Task directions
With pictures removed, output every record below exactly as written.

Supplied information

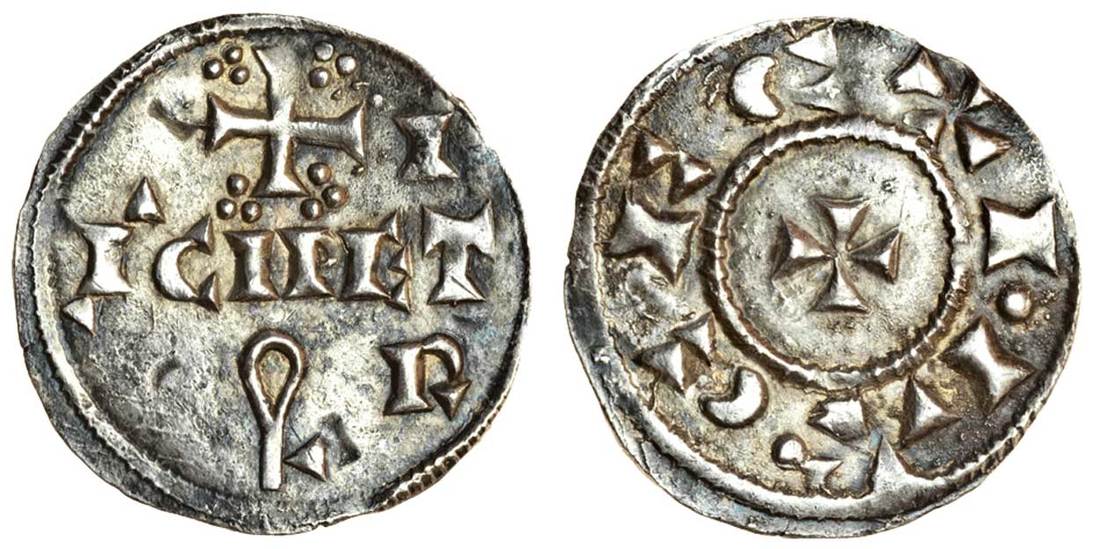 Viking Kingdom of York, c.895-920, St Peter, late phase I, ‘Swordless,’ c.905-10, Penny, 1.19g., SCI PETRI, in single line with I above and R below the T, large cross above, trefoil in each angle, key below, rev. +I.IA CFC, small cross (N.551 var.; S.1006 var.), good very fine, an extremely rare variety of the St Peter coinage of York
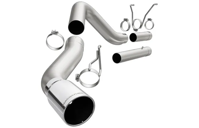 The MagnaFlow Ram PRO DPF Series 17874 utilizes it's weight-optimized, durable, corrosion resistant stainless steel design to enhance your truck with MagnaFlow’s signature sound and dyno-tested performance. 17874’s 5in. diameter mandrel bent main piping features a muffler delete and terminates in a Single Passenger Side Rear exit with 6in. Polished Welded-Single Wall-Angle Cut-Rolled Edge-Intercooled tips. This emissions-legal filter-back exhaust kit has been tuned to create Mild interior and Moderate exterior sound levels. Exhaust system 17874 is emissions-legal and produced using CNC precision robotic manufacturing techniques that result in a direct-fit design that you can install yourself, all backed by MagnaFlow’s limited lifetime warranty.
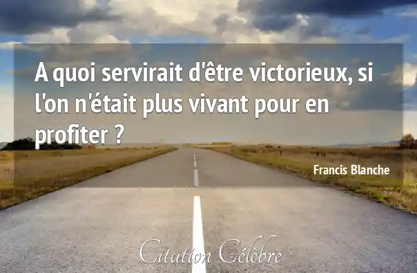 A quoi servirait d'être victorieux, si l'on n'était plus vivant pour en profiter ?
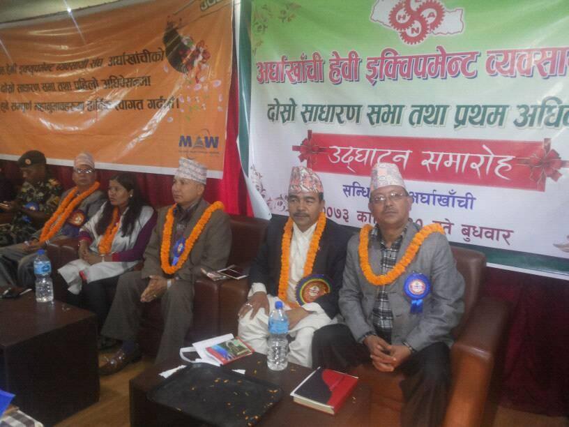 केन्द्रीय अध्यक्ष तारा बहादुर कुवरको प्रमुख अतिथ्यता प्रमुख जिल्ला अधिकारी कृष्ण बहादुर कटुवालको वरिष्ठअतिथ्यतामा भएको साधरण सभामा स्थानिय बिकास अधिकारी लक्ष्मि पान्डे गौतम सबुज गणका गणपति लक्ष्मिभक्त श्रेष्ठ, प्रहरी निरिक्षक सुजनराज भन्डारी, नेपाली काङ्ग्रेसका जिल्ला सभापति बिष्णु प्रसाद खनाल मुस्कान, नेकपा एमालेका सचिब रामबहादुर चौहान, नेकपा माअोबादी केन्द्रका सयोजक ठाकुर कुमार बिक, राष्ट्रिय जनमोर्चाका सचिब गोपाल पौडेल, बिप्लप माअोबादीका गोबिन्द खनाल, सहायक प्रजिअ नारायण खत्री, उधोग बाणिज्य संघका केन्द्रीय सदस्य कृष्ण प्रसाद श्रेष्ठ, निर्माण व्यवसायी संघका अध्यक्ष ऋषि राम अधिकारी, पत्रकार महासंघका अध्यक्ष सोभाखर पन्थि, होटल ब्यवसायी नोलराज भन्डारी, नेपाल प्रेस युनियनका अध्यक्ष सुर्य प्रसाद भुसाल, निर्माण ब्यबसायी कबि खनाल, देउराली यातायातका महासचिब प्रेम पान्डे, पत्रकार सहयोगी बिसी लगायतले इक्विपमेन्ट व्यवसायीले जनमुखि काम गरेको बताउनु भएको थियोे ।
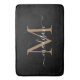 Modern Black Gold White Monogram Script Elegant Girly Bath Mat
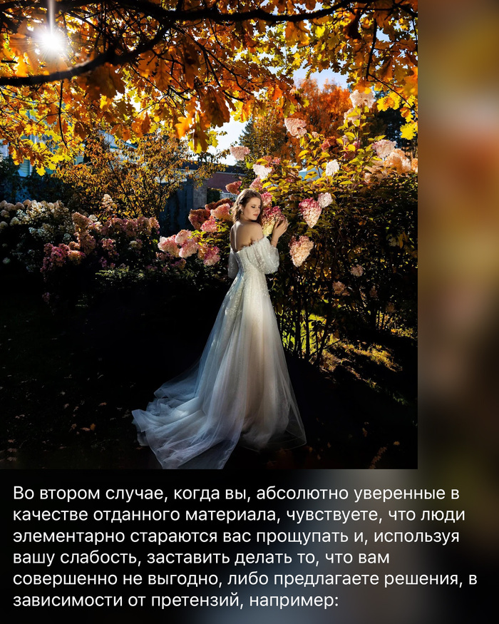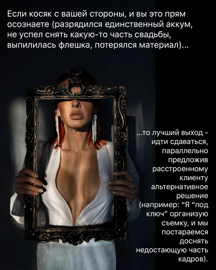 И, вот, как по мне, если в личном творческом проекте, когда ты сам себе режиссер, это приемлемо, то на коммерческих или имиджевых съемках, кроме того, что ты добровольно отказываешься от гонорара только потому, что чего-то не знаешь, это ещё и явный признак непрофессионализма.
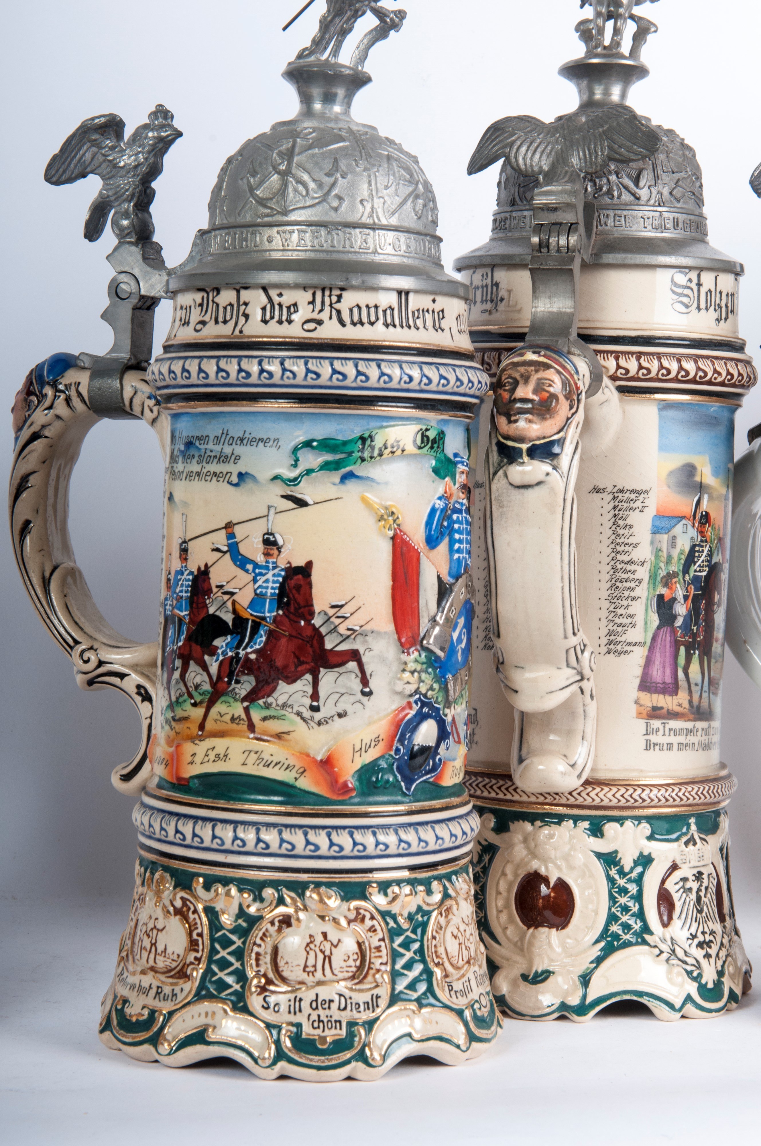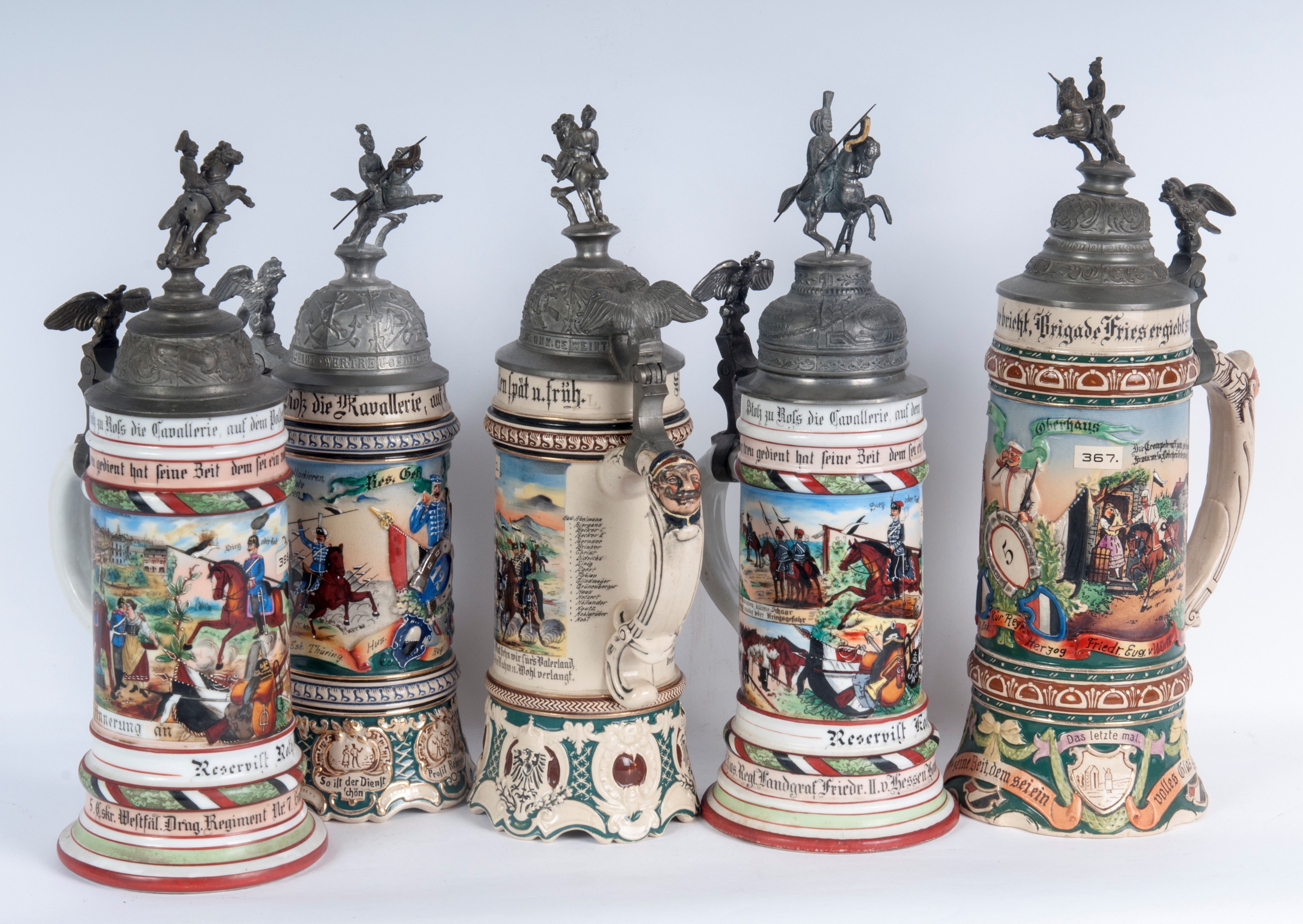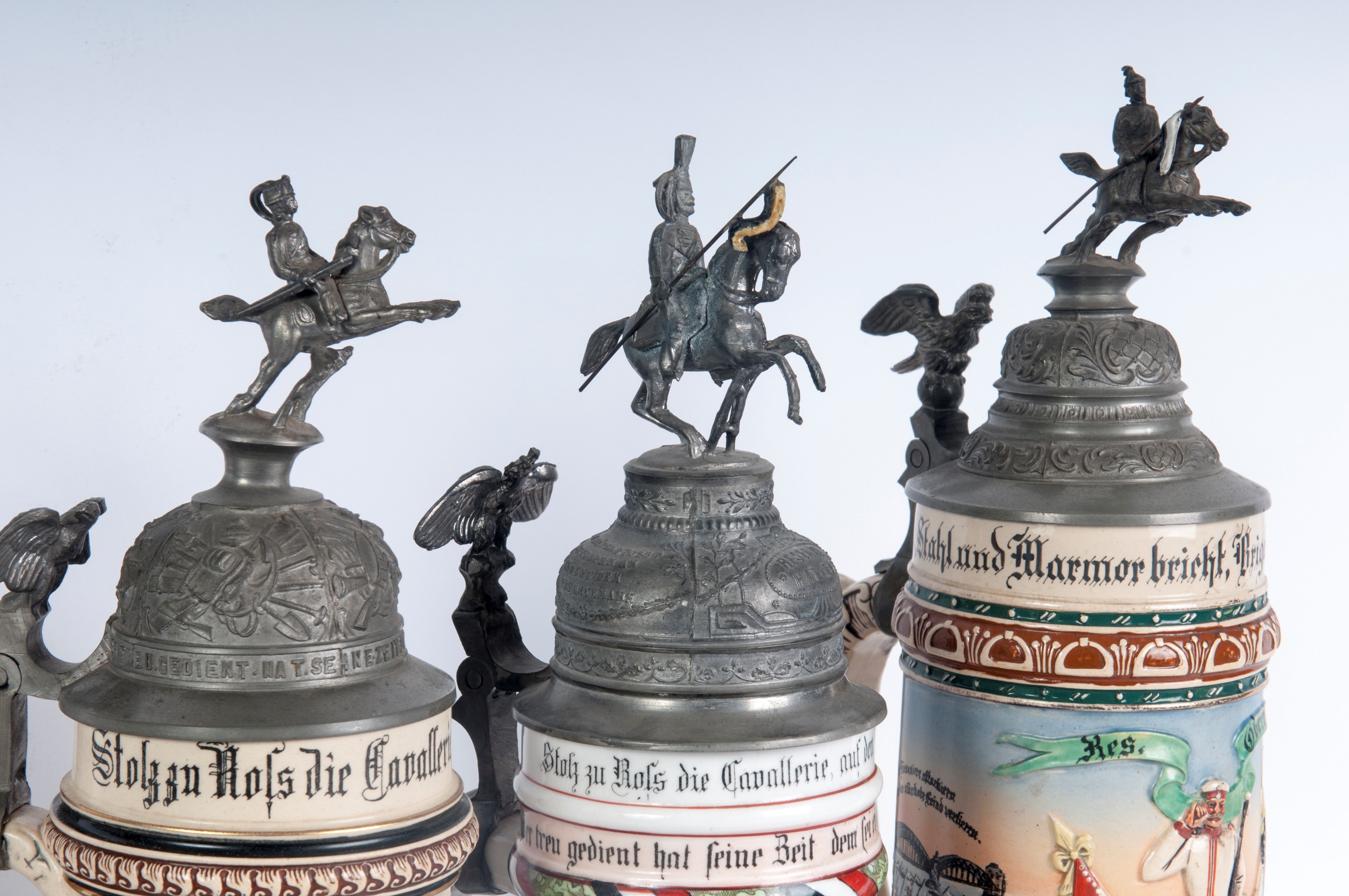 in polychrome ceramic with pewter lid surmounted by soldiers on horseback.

Answer to the exercise
 Viking Kingdom of York, c.895-920, St Peter, late phase I, ‘Swordless,’ c.905-10, Penny, 1.19g., SCI PETRI, in single line with I above and R below the T, large cross above, trefoil in each angle, key below, rev. +I.IA CFC, small cross (N.551 var.; S.1006 var.), good very fine, an extremely rare variety of the St Peter coinage of York
 The MagnaFlow Ram PRO DPF Series 17874 utilizes it's weight-optimized, durable, corrosion resistant stainless steel design to enhance your truck with MagnaFlow’s signature sound and dyno-tested performance. 17874’s 5in. diameter mandrel bent main piping features a muffler delete and terminates in a Single Passenger Side Rear exit with 6in. Polished Welded-Single Wall-Angle Cut-Rolled Edge-Intercooled tips. This emissions-legal filter-back exhaust kit has been tuned to create Mild interior and Moderate exterior sound levels. Exhaust system 17874 is emissions-legal and produced using CNC precision robotic manufacturing techniques that result in a direct-fit design that you can install yourself, all backed by MagnaFlow’s limited lifetime warranty.
 A quoi servirait d'être victorieux, si l'on n'était plus vivant pour en profiter ?
 केन्द्रीय अध्यक्ष तारा बहादुर कुवरको प्रमुख अतिथ्यता प्रमुख जिल्ला अधिकारी कृष्ण बहादुर कटुवालको वरिष्ठअतिथ्यतामा भएको साधरण सभामा स्थानिय बिकास अधिकारी लक्ष्मि पान्डे गौतम सबुज गणका गणपति लक्ष्मिभक्त श्रेष्ठ, प्रहरी निरिक्षक सुजनराज भन्डारी, नेपाली काङ्ग्रेसका जिल्ला सभापति बिष्णु प्रसाद खनाल मुस्कान, नेकपा एमालेका सचिब रामबहादुर चौहान, नेकपा माअोबादी केन्द्रका सयोजक ठाकुर कुमार बिक, राष्ट्रिय जनमोर्चाका सचिब गोपाल पौडेल, बिप्लप माअोबादीका गोबिन्द खनाल, सहायक प्रजिअ नारायण खत्री, उधोग बाणिज्य संघका केन्द्रीय सदस्य कृष्ण प्रसाद श्रेष्ठ, निर्माण व्यवसायी संघका अध्यक्ष ऋषि राम अधिकारी, पत्रकार महासंघका अध्यक्ष सोभाखर पन्थि, होटल ब्यवसायी नोलराज भन्डारी, नेपाल प्रेस युनियनका अध्यक्ष सुर्य प्रसाद भुसाल, निर्माण ब्यबसायी कबि खनाल, देउराली यातायातका महासचिब प्रेम पान्डे, पत्रकार सहयोगी बिसी लगायतले इक्विपमेन्ट व्यवसायीले जनमुखि काम गरेको बताउनु भएको थियोे ।
 Modern Black Gold White Monogram Script Elegant Girly Bath Mat
 И, вот, как по мне, если в личном творческом проекте, когда ты сам себе режиссер, это приемлемо, то на коммерческих или имиджевых съемках, кроме того, что ты добровольно отказываешься от гонорара только потому, что чего-то не знаешь, это ещё и явный признак непрофессионализма.
 in polychrome ceramic with pewter lid surmounted by soldiers on horseback.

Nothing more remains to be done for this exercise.